TO DO
Write out the data again exactly, skipping every picture.

DATASET SECTION

┌────────

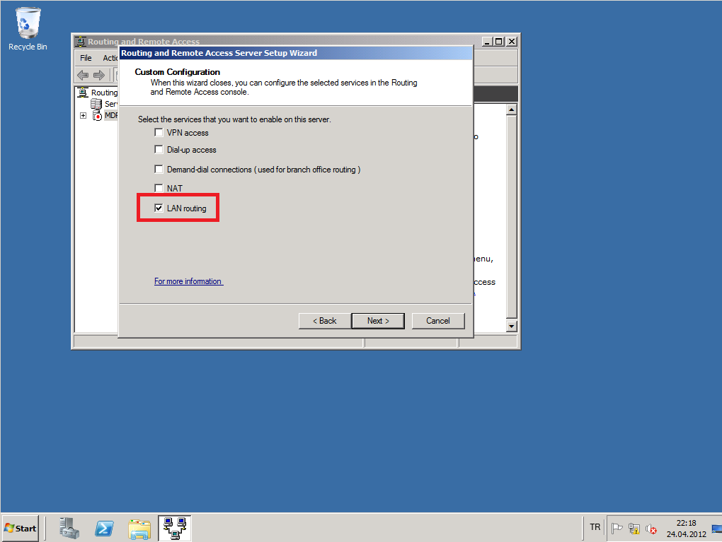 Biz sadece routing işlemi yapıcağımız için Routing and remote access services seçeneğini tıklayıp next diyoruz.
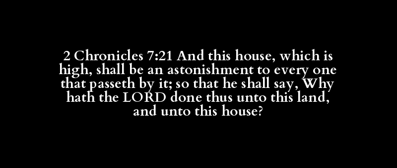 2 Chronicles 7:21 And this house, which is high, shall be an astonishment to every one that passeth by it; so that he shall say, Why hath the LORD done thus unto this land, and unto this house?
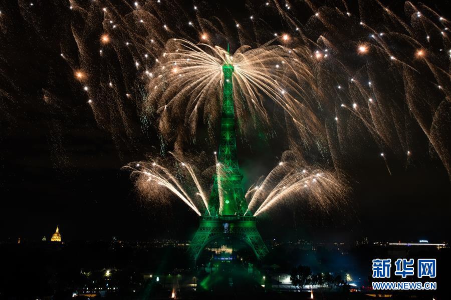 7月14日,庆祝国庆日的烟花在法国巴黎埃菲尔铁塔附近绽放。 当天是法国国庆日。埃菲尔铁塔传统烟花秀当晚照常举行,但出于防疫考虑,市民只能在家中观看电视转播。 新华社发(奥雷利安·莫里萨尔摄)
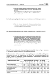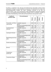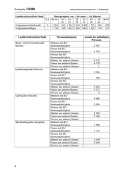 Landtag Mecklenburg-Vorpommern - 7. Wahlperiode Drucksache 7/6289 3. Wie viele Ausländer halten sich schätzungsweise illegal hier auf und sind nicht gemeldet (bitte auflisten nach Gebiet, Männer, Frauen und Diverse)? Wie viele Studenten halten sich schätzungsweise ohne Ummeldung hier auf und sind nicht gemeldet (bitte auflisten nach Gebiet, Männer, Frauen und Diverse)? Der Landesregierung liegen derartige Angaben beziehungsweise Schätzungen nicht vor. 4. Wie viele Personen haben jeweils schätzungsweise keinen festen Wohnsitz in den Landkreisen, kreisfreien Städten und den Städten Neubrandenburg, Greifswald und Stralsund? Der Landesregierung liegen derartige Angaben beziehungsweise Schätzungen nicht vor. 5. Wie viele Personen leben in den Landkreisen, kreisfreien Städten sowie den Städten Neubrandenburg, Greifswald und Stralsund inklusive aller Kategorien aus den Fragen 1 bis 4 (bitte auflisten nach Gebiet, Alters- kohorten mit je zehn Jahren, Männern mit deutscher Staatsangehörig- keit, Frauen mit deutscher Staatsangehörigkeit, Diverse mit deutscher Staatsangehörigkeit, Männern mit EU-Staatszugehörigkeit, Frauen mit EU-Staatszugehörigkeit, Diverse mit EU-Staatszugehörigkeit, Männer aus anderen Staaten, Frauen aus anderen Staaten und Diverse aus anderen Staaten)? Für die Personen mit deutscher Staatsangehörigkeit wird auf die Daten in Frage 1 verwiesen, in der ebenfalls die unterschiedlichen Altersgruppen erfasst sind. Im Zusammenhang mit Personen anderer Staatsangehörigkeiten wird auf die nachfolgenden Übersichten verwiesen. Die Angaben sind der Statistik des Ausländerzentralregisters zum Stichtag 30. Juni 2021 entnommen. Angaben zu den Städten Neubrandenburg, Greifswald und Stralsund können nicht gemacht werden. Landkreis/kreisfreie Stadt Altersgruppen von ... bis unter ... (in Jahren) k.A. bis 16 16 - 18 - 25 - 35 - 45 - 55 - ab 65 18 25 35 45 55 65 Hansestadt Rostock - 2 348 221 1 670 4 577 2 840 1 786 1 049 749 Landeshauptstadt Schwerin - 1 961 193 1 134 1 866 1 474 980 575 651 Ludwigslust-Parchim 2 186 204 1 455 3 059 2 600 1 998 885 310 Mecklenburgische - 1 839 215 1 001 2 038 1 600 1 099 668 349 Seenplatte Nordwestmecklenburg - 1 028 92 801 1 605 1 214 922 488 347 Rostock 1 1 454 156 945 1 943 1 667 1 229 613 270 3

└────────

RESULT
 Biz sadece routing işlemi yapıcağımız için Routing and remote access services seçeneğini tıklayıp next diyoruz.
 2 Chronicles 7:21 And this house, which is high, shall be an astonishment to every one that passeth by it; so that he shall say, Why hath the LORD done thus unto this land, and unto this house?
 7月14日,庆祝国庆日的烟花在法国巴黎埃菲尔铁塔附近绽放。 当天是法国国庆日。埃菲尔铁塔传统烟花秀当晚照常举行,但出于防疫考虑,市民只能在家中观看电视转播。 新华社发(奥雷利安·莫里萨尔摄)
 Landtag Mecklenburg-Vorpommern - 7. Wahlperiode Drucksache 7/6289 3. Wie viele Ausländer halten sich schätzungsweise illegal hier auf und sind nicht gemeldet (bitte auflisten nach Gebiet, Männer, Frauen und Diverse)? Wie viele Studenten halten sich schätzungsweise ohne Ummeldung hier auf und sind nicht gemeldet (bitte auflisten nach Gebiet, Männer, Frauen und Diverse)? Der Landesregierung liegen derartige Angaben beziehungsweise Schätzungen nicht vor. 4. Wie viele Personen haben jeweils schätzungsweise keinen festen Wohnsitz in den Landkreisen, kreisfreien Städten und den Städten Neubrandenburg, Greifswald und Stralsund? Der Landesregierung liegen derartige Angaben beziehungsweise Schätzungen nicht vor. 5. Wie viele Personen leben in den Landkreisen, kreisfreien Städten sowie den Städten Neubrandenburg, Greifswald und Stralsund inklusive aller Kategorien aus den Fragen 1 bis 4 (bitte auflisten nach Gebiet, Alters- kohorten mit je zehn Jahren, Männern mit deutscher Staatsangehörig- keit, Frauen mit deutscher Staatsangehörigkeit, Diverse mit deutscher Staatsangehörigkeit, Männern mit EU-Staatszugehörigkeit, Frauen mit EU-Staatszugehörigkeit, Diverse mit EU-Staatszugehörigkeit, Männer aus anderen Staaten, Frauen aus anderen Staaten und Diverse aus anderen Staaten)? Für die Personen mit deutscher Staatsangehörigkeit wird auf die Daten in Frage 1 verwiesen, in der ebenfalls die unterschiedlichen Altersgruppen erfasst sind. Im Zusammenhang mit Personen anderer Staatsangehörigkeiten wird auf die nachfolgenden Übersichten verwiesen. Die Angaben sind der Statistik des Ausländerzentralregisters zum Stichtag 30. Juni 2021 entnommen. Angaben zu den Städten Neubrandenburg, Greifswald und Stralsund können nicht gemacht werden. Landkreis/kreisfreie Stadt Altersgruppen von ... bis unter ... (in Jahren) k.A. bis 16 16 - 18 - 25 - 35 - 45 - 55 - ab 65 18 25 35 45 55 65 Hansestadt Rostock - 2 348 221 1 670 4 577 2 840 1 786 1 049 749 Landeshauptstadt Schwerin - 1 961 193 1 134 1 866 1 474 980 575 651 Ludwigslust-Parchim 2 186 204 1 455 3 059 2 600 1 998 885 310 Mecklenburgische - 1 839 215 1 001 2 038 1 600 1 099 668 349 Seenplatte Nordwestmecklenburg - 1 028 92 801 1 605 1 214 922 488 347 Rostock 1 1 454 156 945 1 943 1 667 1 229 613 270 3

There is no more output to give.